Calixto Bieito, a director previously described as "the bad boy" of European theatre brings to The REP an exploration of emotion, mental illness, lust and frustration. Delivered through recitals of poetry, writings of philosophers and classical music from The Heath Quartet, The String Quartet’s Guide To Sex And Anxiety makes a solid attempt to break boundaries in experimental theatre.
There is something incredibly striking about what Bieito has created, particularly within his and Annemarie Bulla’s design. For starters the stage extends past the proscenium arch to allow the performers to get right up in the audience's faces. Perhaps this is a metaphor for the presence of anxiety, depression and all forms of mental illness in society and an attempt to break down the taboo of discussing it. Also, the stage is filled with stacks of dozens of chairs and a cluster of music stands. Throughout the show they are thrown about, knocked over, torn apart and at times stacked tidily almost reflecting the mind of someone with anxiety, like organised chaos. But the vast sweeping stage of The REP dwarfs the performers while they retain a sense of intimacy in their performances, creating a powerful contradiction.
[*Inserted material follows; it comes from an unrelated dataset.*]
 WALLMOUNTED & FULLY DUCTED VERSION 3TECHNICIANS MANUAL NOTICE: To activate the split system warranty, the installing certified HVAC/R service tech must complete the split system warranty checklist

The Heath Quartet are not providing their glorious renditions of Ligeti’s String Quartet No.2 and Beethoven’s String Quartet No. 11, Opus 95 as simply a soundtrack for the evening, but the music integrates with the performers in a unique way reflecting their mental states. They also have a powerful effect on the audience, adding suspense, surprise and uncertainty to the piece, almost like another character altogether in this show. Even when they are not playing it is difficult to differentiate them from the actors.
The cast of four portray unnamed characters with different stages of mental illness and how visibly recognisable it is within them. Miltos Yerolemou opens the show reciting Robert Burton’s The Anatomy of Melancholy. Armed with his glasses and notepad, like a therapist, he subtly portrays his character with internal pain, while Mairead McKinley is constantly wandering the stage, physically distressed with a sex-addicted personality. Nick Harris is continually fidgeting with props around him in an OCD-like manner; he also has many phobias and medications which he lists – providing a few of the laughs. Cathy Tyson subtly builds up to her heart-breaking recital of Stig Dagermann’s To Kill A Child showing a completely different side of mental illness. There is no denying that these actors are brilliantly talented in evoking this sensitive subject, which they do so with grace and subtly in a harrowing way.
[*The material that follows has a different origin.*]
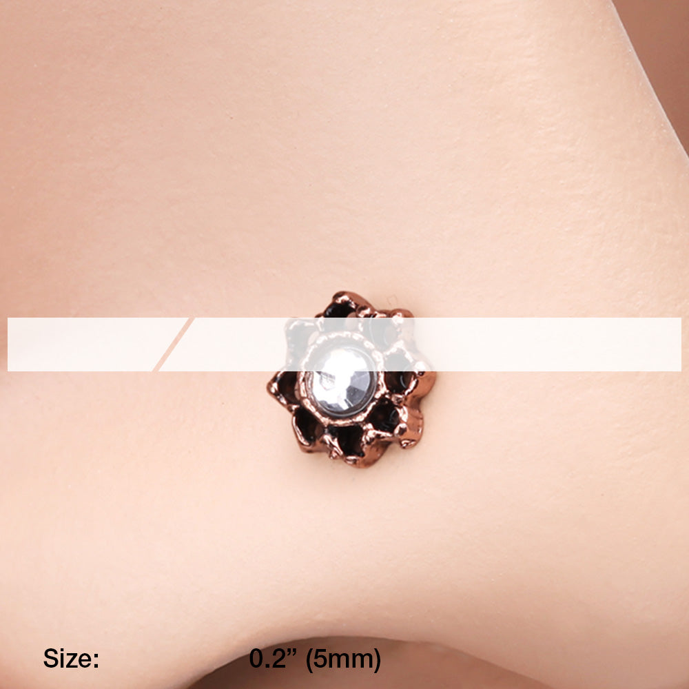 Rose Gold Lotus Filigree Sparkle Icon L-Shaped Nose Ring

For some, this production may be seen as a bit too avant-garde. It is not exactly the lightest of material to watch, the sexual language and nature is not one for the faint-hearted. Nor may it be seen as the most appealing of shows if you are not used to this type of production, but full kudos must be given to this company and Bieito in tackling such a sensitive, but prevalent subject in a deeply theatrical way. This piece may not have the best structure nor may it be completely clear of what it is, but perhaps that is its intention, as mental illness isn’t clear or structured, it is unpredictable, devastating and an ordeal of emotion. This show is brave, daring and experimental which makes it right for a non-commercial theatre like The REP to produce and is a well-programmed and thought-provoking piece during Mental Health Awareness Week.
The String Quaret’s Guide To Sex And Anxiety runs until Saturday 19th May at the Birmingham Repertory Theatre.